Formerly a British colony, Gambia retains some past influences, including the national language. However, the present day identity of this incredible country is undoubtedly all its own, with the vibrancy of its golden coast, intrigue of its reserves and parks and sweeps of the majestic River Gambia that transects the land. Wherever you wander, Gambia holidays will put a smile on your face.

Lively, vivacious, colourful and diverse, Banjul is a fitting capital for this fascinating destination. Unsurprisingly, the majority of the country’s larger hotel complexes and beach resorts can be found within its stretches, mainly along the city’s envy-inducing coastline of white sand and azure waters. One of the largest and most bustling cities in Gambia is Serrekunda, a colourful and vibrant location that makes a great base. With a gorgeous, rolling coast and buzzing market scene, this is Gambia at its most vibrant. Serrekunda is replete with dazzling resorts situated around its northern coastal point. For those who are looking for a Gambia holiday to experience its heavenly beaches, there is no better location than the stunning Kotu. Offering a dazzling array of luxurious resorts as well as charming guesthouses right by the water’s edge, this is relaxation like you’ve never experienced before.

As much as the jaw-dropping coast often steals the show on any visit, there is much to explore away from the beach. The Kiang West National Park and River Gambia National Park are both teeming with rare species, vivid flora and fauna and dramatic views from their highest points. The parks can be explored by foot, car or bike, and are the best way to get to grips with Gambia’s wild side. By far the most thrilling of experiences on offer in Gambia’s national parks is encountering its populations of baboon. One of the country’s cheekiest indigenous critters, these fascinating primates frequent the renowned Baboon Island in River Gambia National Park, and provide an incredible natural experience for travellers of all ages. If you are looking for a bit more civilisation from your holidays to Gambia, the country’s buzzing cities provide endless days of entertainment, with museums of African history, bustling bazaars and incredible traditional restaurants. The energy of the capital Banjul is particularly infectious – discover its colonial past, taste the traditionally prepared cuisine and meet the ever-cheerful locals.

One of the best times to visit the country is during the British winter when Gambia’s rainy season has faded and the sun begins to creep out. While temperatures aren’t unbearable, usually peaking at around 30C, there is still enough heat for you to feel satisfied by your winter escape. January and February prove very fruitful periods to visit the country, ironically in its dry winter season. Gambia’s wet season tends to run from June to October when the temperatures get hotter and the humidity levels increase further, proving a more challenging period to visit. Steeped in history and showcasing a stunning coastline, Gambia offers a world of choice for your holiday. Whether you’re looking to kick back and soak up the sun or delve into the city’s historical and cultural heritage, there’s something for everyone.

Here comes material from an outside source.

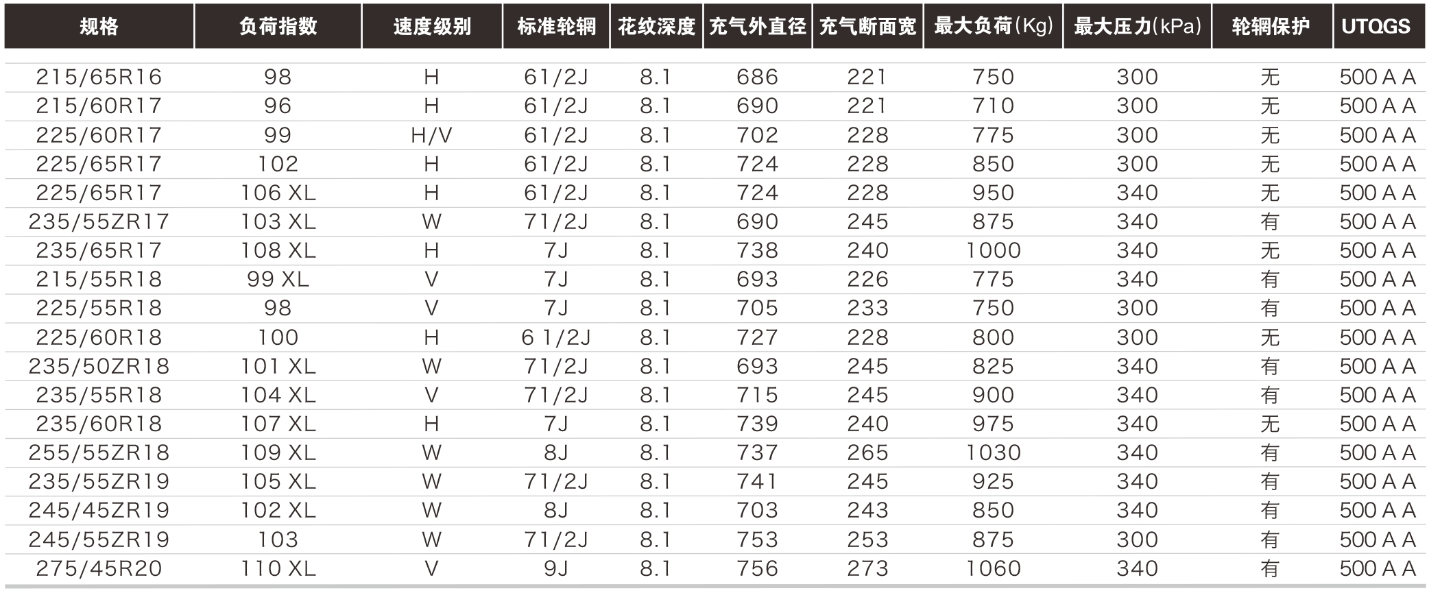 胎面非對(duì)稱的花紋,針對(duì)城市SUV的特點(diǎn),提供優(yōu)異的干濕地性能。

Made famous by the novel “Roots”, Jufureh and James Islands have slowly increased in popularity as some of Gambia’s most mesmerising cultural attractions, perfect for history lovers. Jufureh is not visually impressive, but boasts an incredible slavery museum with replica slave ship. James Island is much more picturesque, but it is the remains of Fort James, a major colonial outpost dating back to 1661 that make it worth a visit. Those looking to discover Gambia’s hidden natural wonders should put their best hiking foot forward and head to the incredible Bijilo Forest Park. A community environment and small-scale reserve, many well-trodden paths snake their way through verdant vegetation and fascinating wildlife, with a lively population of red colobus and patas monkeys, sure to put on a show. Those who enjoy bartering for a bargain will delight in the frenzied atmosphere of Banjul’s Albert Market. Fabrics, shoes, housewares and an endless array of local fruit, veg, herbs and spices collide in this explosion of business and trade. Get stuck in with your best haggling techniques – you never know what you might find!